Transgenic-based promoter analysis
Characterization of a promoter module and its regulatory regions requires a suitable transgenic assay system to monitor the in vivo activity level. The transgenic analysis of plant promoter includes steps like designing of vector constructs consisting of putative promoter fragments, a suitable method for introduction of tailor-made constructs in plant system and generation of number of transgenics and a reliable assay method to monitor the pattern and level of activity. Designing of vector constructs usually involves a promoterless reporter gene and a putative promoter fragment. Based on the nature and strategy of promoter analysis, constructs are varies and designed accordingly for
(i) Promoter deletion,
(ii) Linker scanning,
(iii) Base substitution mutagenesis and
(iv) Identification of enhancer element in the promoter sequence.
The in vivo activity of the promoter analysis constructs are generally monitored in the native plant system or in model plant species like Arabidopsis, tobacco or rice. The recombinant vector cassettes are introduced into plant system either through transient or stable transformation methods in plants.

Blanchette, M. and Sinha, S. (2001). Separating real motifs from their artifacts. Bioinformatics 17: 30-38.
Bucher, P. (1990). Weight matrix descriptions of four eukaryotic RNA polymerase II promoter elements derived from 502 unrelated promoter sequences.
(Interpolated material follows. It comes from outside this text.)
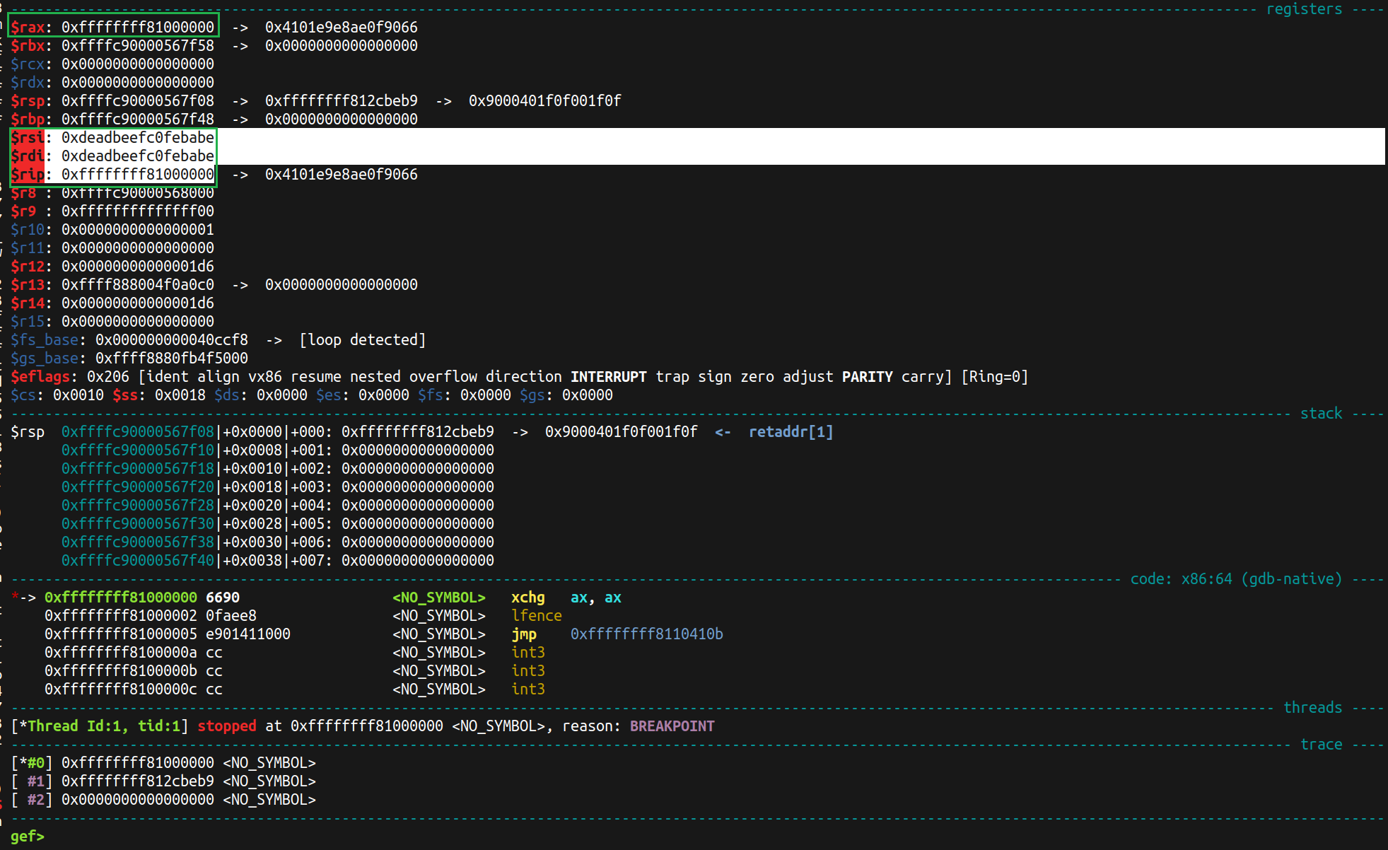 When page fault happens, if eflags (which is set to be 1 from R11 when sysret happens) is not 0, a WARN_ON_ONCE in page fault handler will be triggered and give us debug print with kernel heap addresses on regular registers and GS register.
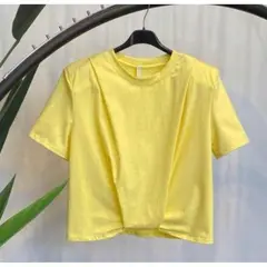 Κοντομάνικη μπλούζα σε έντονο κίτρινο χρώμα, με ενσωματωμένες βάτες στους ώμους που τονίζουν τη σιλουέτα και δημιουργούν κομψή, ανάποδη τριγωνική γραμμή στο σώμα. Το ελαφρώς ελαστικό ύφασμα με βαμβάκι και ελαστάνη προσφέρει άνεση και σταθερή εφαρμογή. Ένα statement basic που απογειώνει κάθε απλό...

J. Mol. Biol. 212: 563-578.
Davuluri, R.V., Sun, H., Palaniswamy, S.K., Matthews, N., Molina, C., Kurtz, M. and Grotewold, E. (2003). AGRIS: Arabidopsis Gene Regulatory Information Server, an information resource of Arabidopsis cis-regulatory elements and transcription factors. BMC Bioinformatics, 23: 25.
Higo, K., Ugawa, Y., Iwamoto, M. and Korenaga, T. (1999). Plant cis-acting regulatory DNA elements (PLACE) database: 1999. Nucleic Acids Research, 27: 297-300.
Lescot, M., Déhais, P., Thijs, G., Marchal, K., Moreau, Y., Van de Peer, Y., Rouzé, P. and Rombauts, S. (2002) PlantCARE, a database of plant cis-acting regulatory elements and a portal to tools for in silico analysis of promoter sequences. Nucleic Acids Research, 30: 325-327.
Li, X.M. and Shapiro, L. J. (1993). Three-step PCR mutagenesis for 'linker scanning'. Nucleic Acids Research, 21: 3745-3748.
Saha, D., Prasad, A.M., Sujatha, T.P., Kumar, V., Jain, P.K., Bhat, S.R. and Srinivasan, R. (2007a). In silico analysis of the Lateral Organ Junction (loj) gene and promoter of Arabidopsis thaliana. In Silico Biology, 7: 7-19.